The Environmental Protection Agency (EPA) estimates that Americans spend more than 500-million hours pleasureboating each year and says that the emissions from that activity are a major cause of air pollution. So in 1990, Congress ordered the agency to set acceptable emission levels for marine engines as part of the Clean Air Act.
But the road that led to those regulations really began in California where, says the EPA, car and marine emissions are main contributors to air pollution. Anyone who has visited California, especially the southern region, knows that air quality is a major problem and a hot issue there. Of the 50 states, California has both the most cars and the dirtiest air in the nation. That’s why in 1967 the state created the California Air Resources Board (CARB). Eight years later the first catalytic converters appeared on cars, mainly to meet increasingly stringent CARB standards, and within a few years they were standard equipment on virtually every production automobile. It wasn’t too much later that the EPA and CARB began preparing the country for the move to catalytic converters on non-automotive engines.

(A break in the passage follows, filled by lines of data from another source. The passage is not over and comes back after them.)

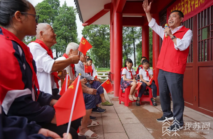 7月3日,潇潇雨声中,全国基层理论宣讲先进个人、海安市委宣传部常务副部长刘万春来到苏中七战七捷纪念馆、新四军联抗烈士陵园,为50多名新老党员代表、少先队员们作习近平总书记在庆祝中国共产党成立100周年大会上的重要讲话精神宣讲。
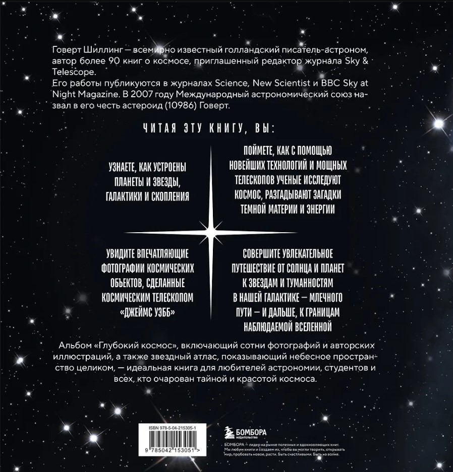 Книга «Глубокий космос» — уникальное иллюстрированное издание для всех, кто стремится понять устройство космоса через завораживающие фотографии и понятные объяснения. Это не просто книга — это увлекательное путешествие от Солнечной системы до самых отдалённых уголков наблюдаемой Вселенной, раскрывающее загадки рождения и гибели звёзд, устройство галактик, истории сверхмассивных чёрных дыр, тёмной материи и энергии. Благодаря сотням ярких снимков, включая новые кадры с космического телескопа Джеймса Уэбба, и звёздному атласу для самостоятельных наблюдений книга станет ценным и вдохновляющим подарком для думающей аудитории. Для всех, кто интересуется астрономией и космосом.
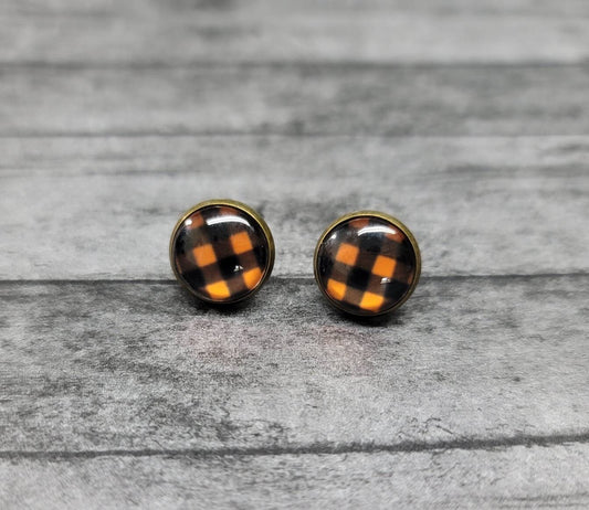 Plaid Stud Earrings, Plaid Earrings, Orange Buffalo Plaid Earrings, Fall Plaid Earrings, Fall Plaid, Fall Earrings
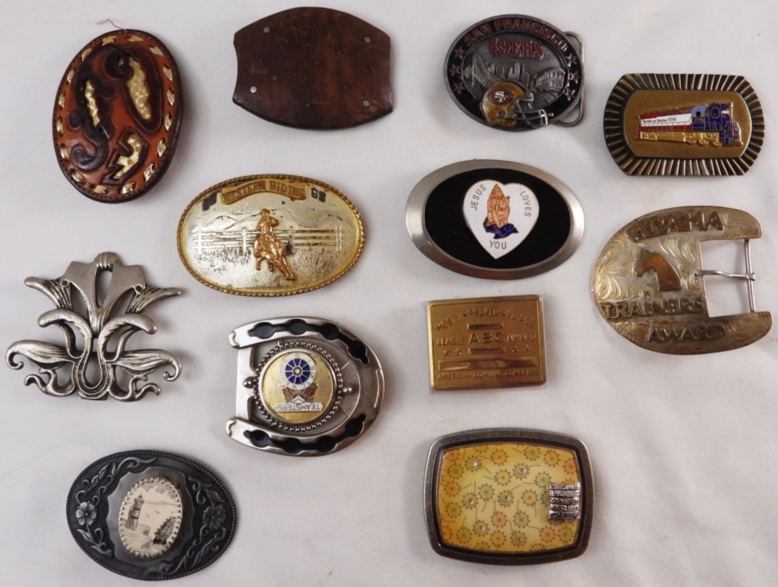 (12) various belt buckles, all sorts of styles and sizes
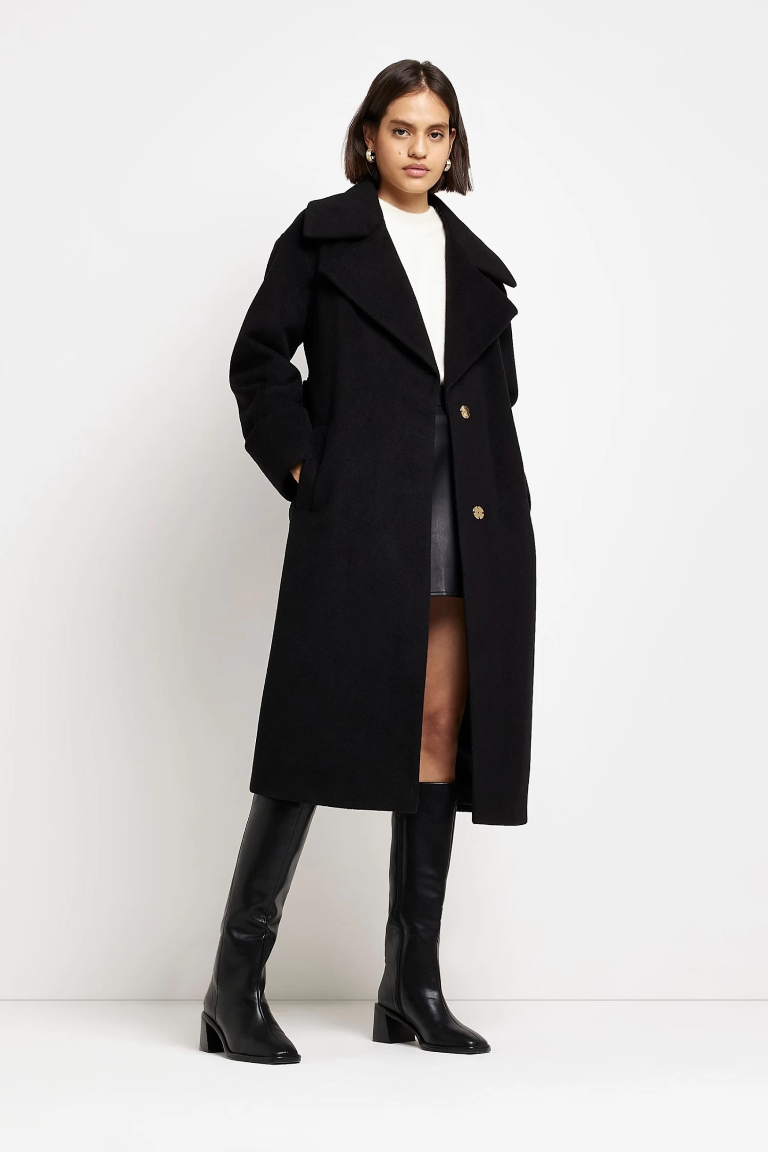 River Island Black Belted Robe Coat
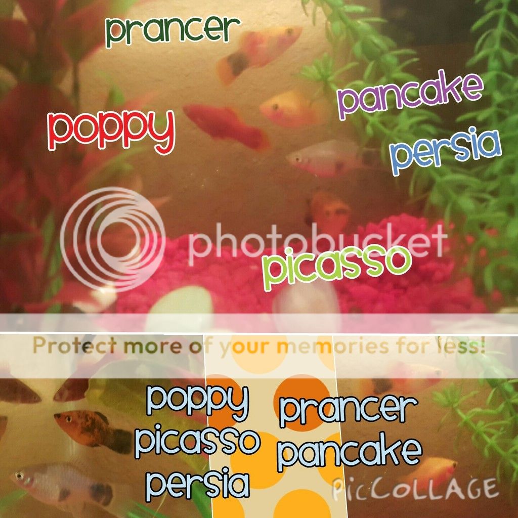 These guys are hanging out in quarantine until they get a clean bill of health. The algae on the tank isn't allow me to take the clearest photos. Large mickey mouse platy is Prancer, solid red is Poppy, blue platy is Persia, yellow platy with pink cheeks (awe Pancake) and a spotted platy with a black mustache named Picasso.
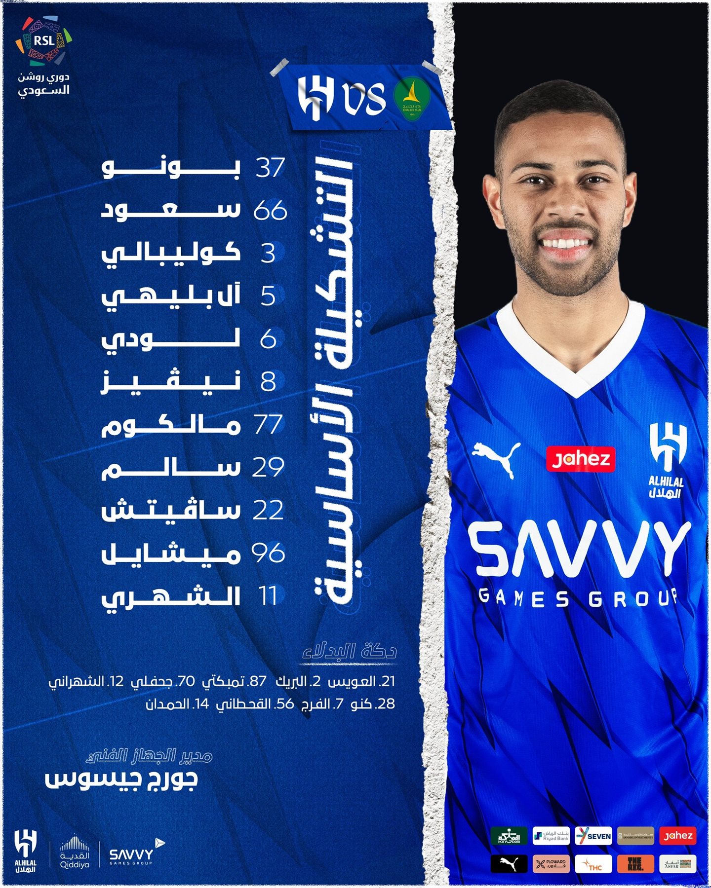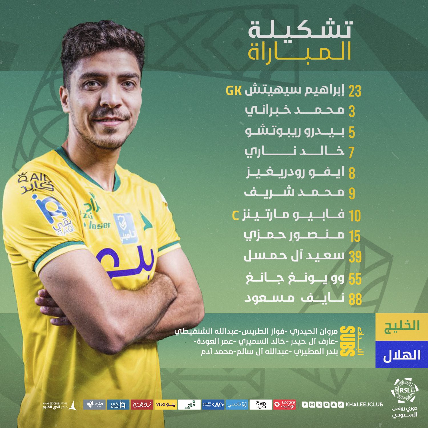 وكان البرتغالي جيسوس المدير الفني لفريق الهلال، وبيدرو إيمانويل مدرب الخليج، أعلنا تشكيل فريقهما للمواجهة التي تجمعهما على ملعب ستاد الأمير محمد بن فهد، ضمن منافسات الجولة 27، من الدوري السعودي للمحترفين، "دوري روشن".
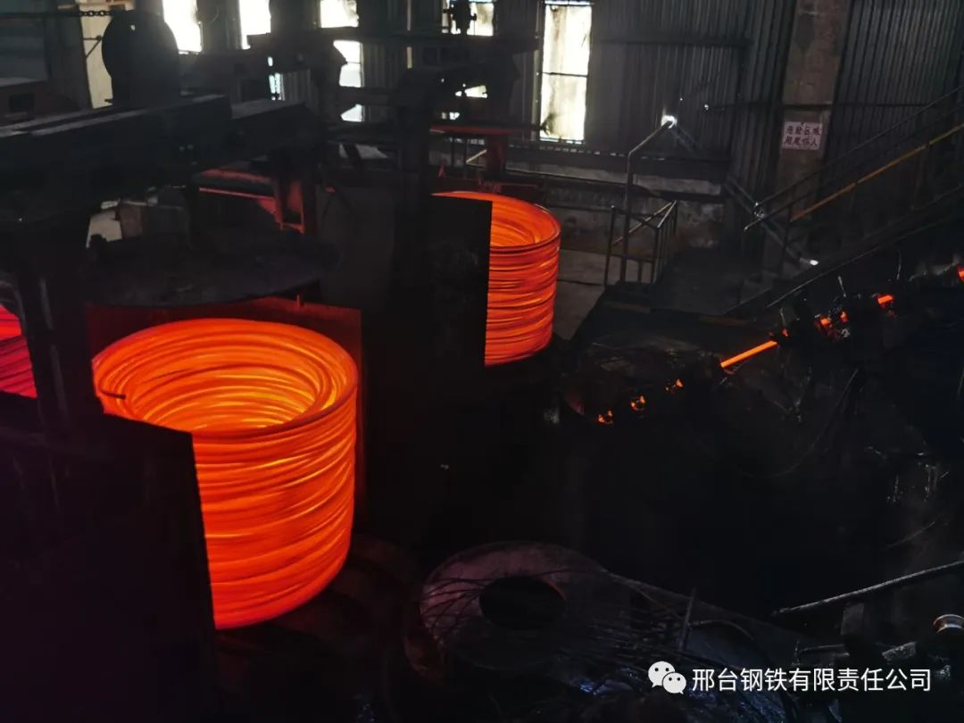 1月25日6時(shí)28分,隨著三線車(chē)間主控臺(tái)下達(dá)“出鋼”指令,加熱爐爐門(mén)緩緩開(kāi)啟,火紅的鋼坯順勢(shì)咬入軋機(jī),氣勢(shì)如虹地穿越過(guò)粗、中、精軋機(jī)組,滿(mǎn)載邢鋼人濃濃期待的盤(pán)條,頃刻間從吐絲機(jī)上旋落,短短不到兩分鐘,整個(gè)過(guò)程行云流水、一氣呵成。至此,邢鋼復(fù)產(chǎn)后首卷高端線材正式軋制完畢,元?dú)鉂M(mǎn)滿(mǎn)、砥礪奮進(jìn)中的邢鋼已步入生產(chǎn)運(yùn)營(yíng)新階段。
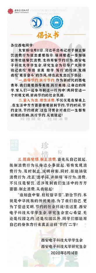 自8月11日习近平总书记对于制止餐饮浪费行为作出重要指示以来,beat365中文官方网站学生会、研究生会在校党委的坚强领导下,在校团委的悉心指导下,积极贯彻习近平总书记号召,勇于响应、主动作为,充分发挥学生组织来自学生、服务学生的优势,从发起倡议、主题教育、网络宣传、后勤座谈、志愿服务和无纸办公等方面引领广大学生倡导节约、践行节约、制止浪费,彰显新时代学生组织的正气、朝气和锐气。
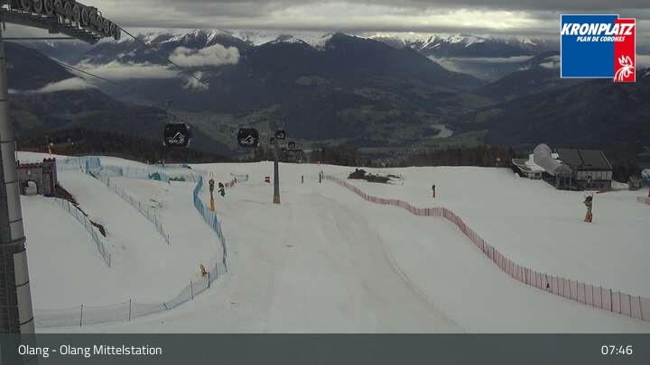 Die Webcam befindet sich an der Mittelstation, wo sich die Gondelbahnen Olang 1° und Olang 2° treffen. Sie blickt auf die Pisten des umliegenden Skigebiets Kronplatz.
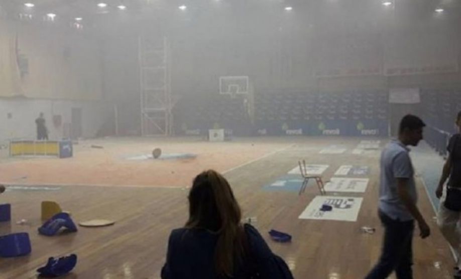 Μάλιστα, πέταξαν στο παρκέ κροτίδες, μπουκάλια, φωτοβολίδες και καπνογόνα, ενώ χρησιμοποίησαν μέχρι και τους πυροσβεστήρες.
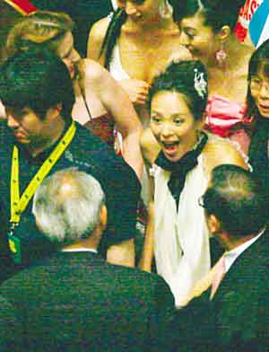 此后章子怡又看到兩位熟悉的外籍電影人,馬上張大嘴表情夸張地與對方“溝通”,并再度用章式貼面禮給對方一個問候。 (劉嵩)
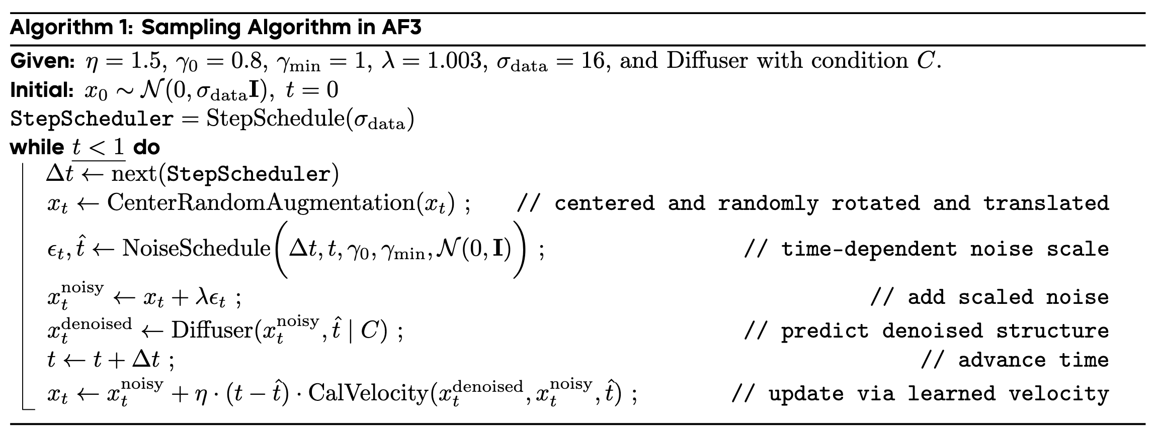在 AF3 中,这一过程由采样算法实现(见算法1),遵循 EDM 框架 [6]:在每一步迭代中,按照预设的时间表向当前样本
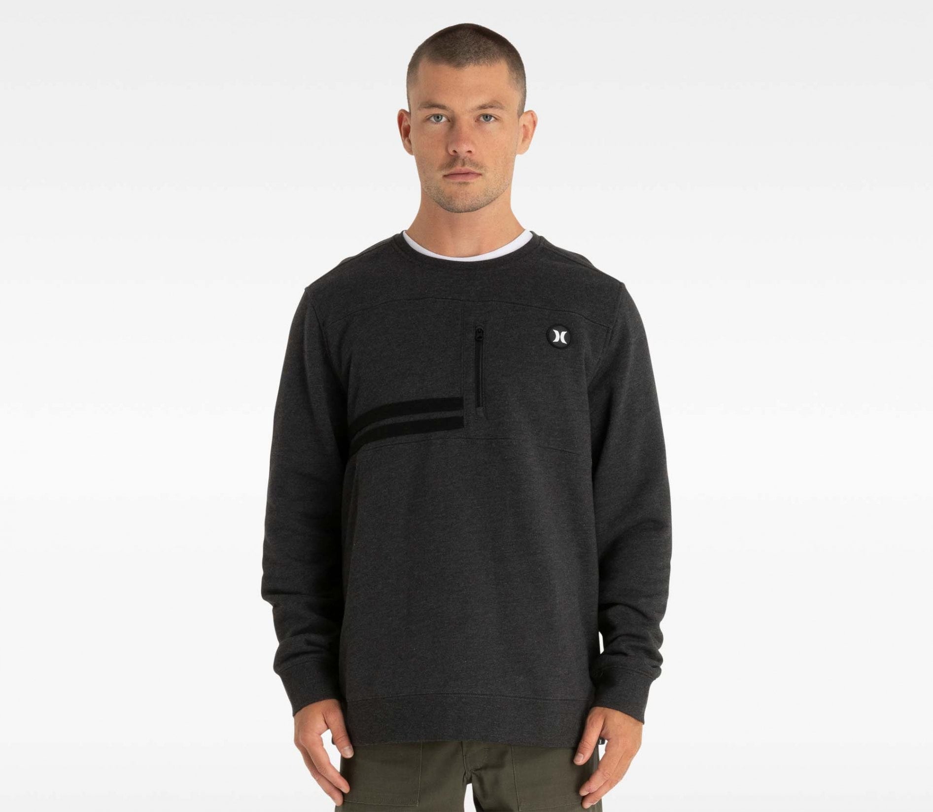 Style up with the Block Party Hurley Mens Fleece Crew for any adventure. Made with a pocket at left chest with vislon zipper and branded puller.
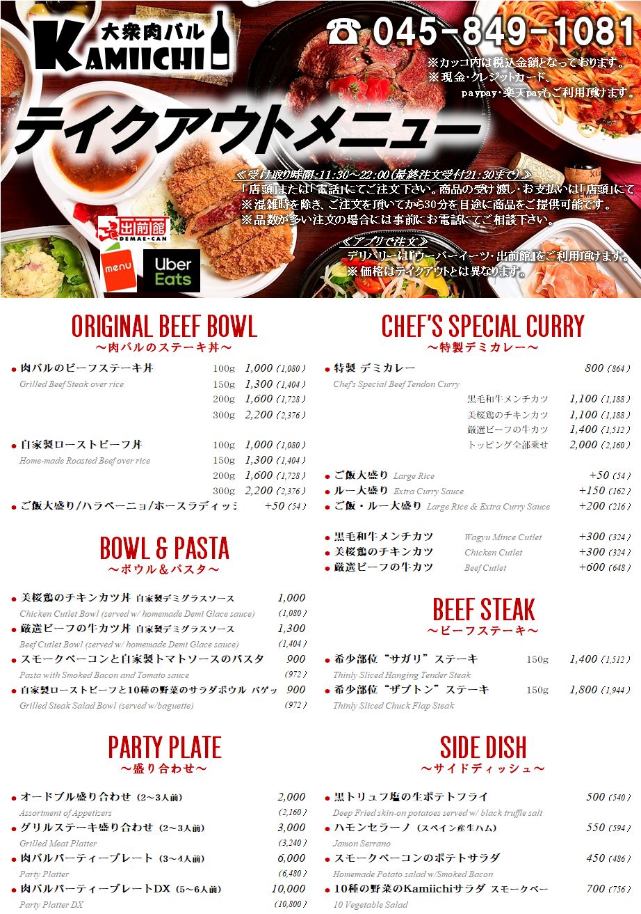 希少部位を使った当店の人気メニュー『ステーキ丼』や、数種類のスパイスと野菜でじっくりと煮込んだ『特製デミカレー』、おつまみにも最適な生ハム・ポテトフライ・サラダなど、是非この機会にご家庭で肉バルKamiichiの味をお楽しみ下さい。
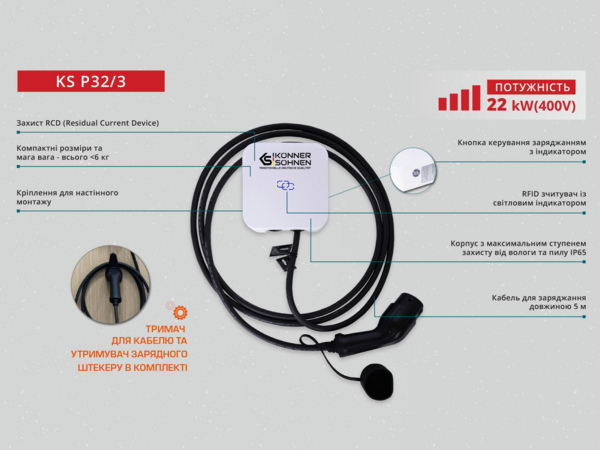 Станция для зарядки электромобилей KS P32/3 - это удобный и надежный способ зарядки электромобиля. Зарядка проходит быстрее и безопаснее. Зарядная станция имеет встроенную защиту от перегрузки, а также от утечки тока при нарушении изоляции и прямом прикосновении к одной из токоведущих частей.
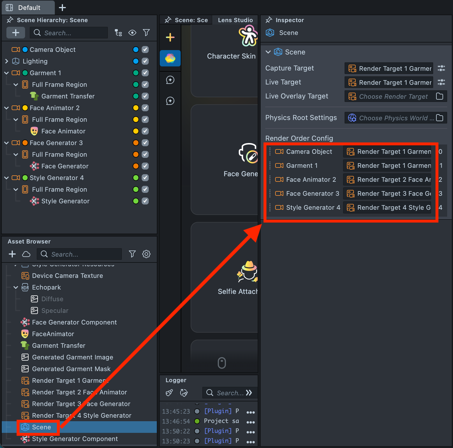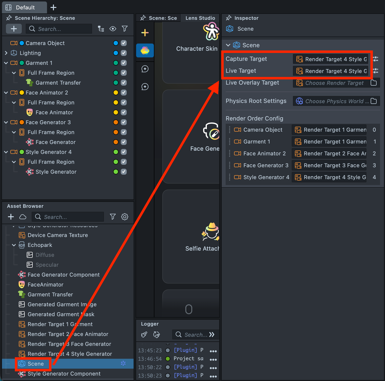 2.10. Select Scene in the Asset Browser, then verify the Render Target configuration in the Inspector to ensure each camera is assigned correctly.
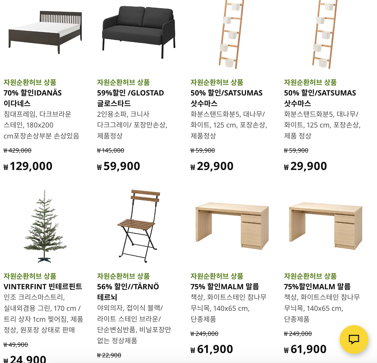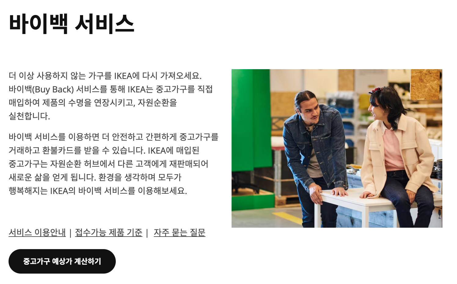 이케아는 전국 매장에서 바이백 서비스를 실시하고 있는데요. 더이상 사용하지 않는 이케아 가구를 매장으로 가져오면, 이케아가 중고가구를 직접 매입해서 다른 고객에게 재판매를 하는 프로그램입니다. 버려질 가구를 이케아가 직접 구입해 보증하고, 자원순환을 위해 노력한다는 취지인데요. 고객들은 '자원순환 허브' 홈페이지를 통해서 지점별로 어떤 중고 상품들이 있는지 확인할 수도 있어요. 이 홈페이지를 살펴보면 기존 이케아 제품의 가격에 비해 반값보다 저렴한 가구들이 많은 데다가 단종 제품을 구할 수도 있어요. 지점을 직접 방문 안 해도 온라인으로 배송을 받을 수도 있어서 필요한 가구를 발견했다면 쉽게 득템이 가능한 구조라고 할 수 있죠!
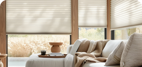Cellular/Honeycomb Shades are made from layers of fabric that form hexagonal cells. These cells trap air, providing insulation to help maintain room temperature and can support energy efficiency.
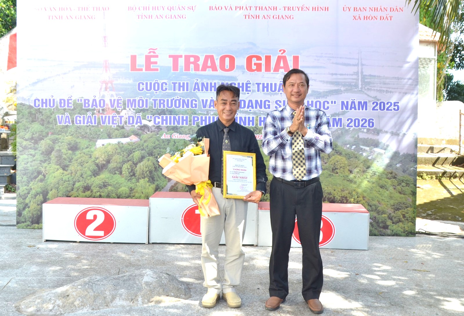 Phó Giám đốc phụ trách Báo và Phát thanh - Truyền hình tỉnh An Giang Lê Văn Chuyển trao giải nhất cho tác giả Nguyễn Hoàng Nam.

That first converter was called a two-way because it attacked two basic kinds of pollutants: carbon-monoxide and hydrocarbons (unburned fuel). In 1976 Volvo introduced the first three-way converter, which is the type in use today on all car engines except diesels. The three-way is so named because it attacks three pollutants: not only the two aforementioned, but oxides of nitrogen as well. It does this using two catalysts. The reduction catalyst uses platinum and rhodium to reduce nitrogen oxides; the oxidation catalyst employs platinum and palladium to burn carbon monoxide and hydrocarbons.
In both stages, oxygen is a crucial component; if there is not enough of it in the exhaust stream, the burn will be incomplete. To ensure that doesn’t happen, a catalytic converter needs an oxygen sensor upstream that tells the electronic fuel injection system to adjust the ratio of fuel to air going into the engine. The requirement for such precise and rapid adjustments explains why a catalytic converter works best on an engine with electronic fuel injection.
A lot of heat—upwards of 1,200F— is produced when pollutants burn in a catalytic converter, which is why cars and trucks with them also have heat shields protecting the interior of the vehicle. But while it’s a potential hazard, heat is also crucial to the efficiency of the converter. If the unit doesn’t get hot enough, the pollutants won’t burn completely.
Today catalytic converters have a stellar track record, both in terms of their effectiveness at cleaning up exhaust and in the minimal maintenance required of them. So if they’ve worked so well on automobiles, why haven’t they been installed on boats? The short answer is that the boating industry has been able to fly under the EPA and CARBs’ radars. But no more. CARB has created new emission standards that take effect in 2010 and apply to all “off-road” gasoline engines. Recreational watercraft will then have to reduce hydrocarbon and nitrogen-oxide emissions by 70 percent and carbon-monoxide emissions by 20 percent. Given the size of the California market and based on the history of past regulations, it is fair to assume that these standards will eventually become national regulations.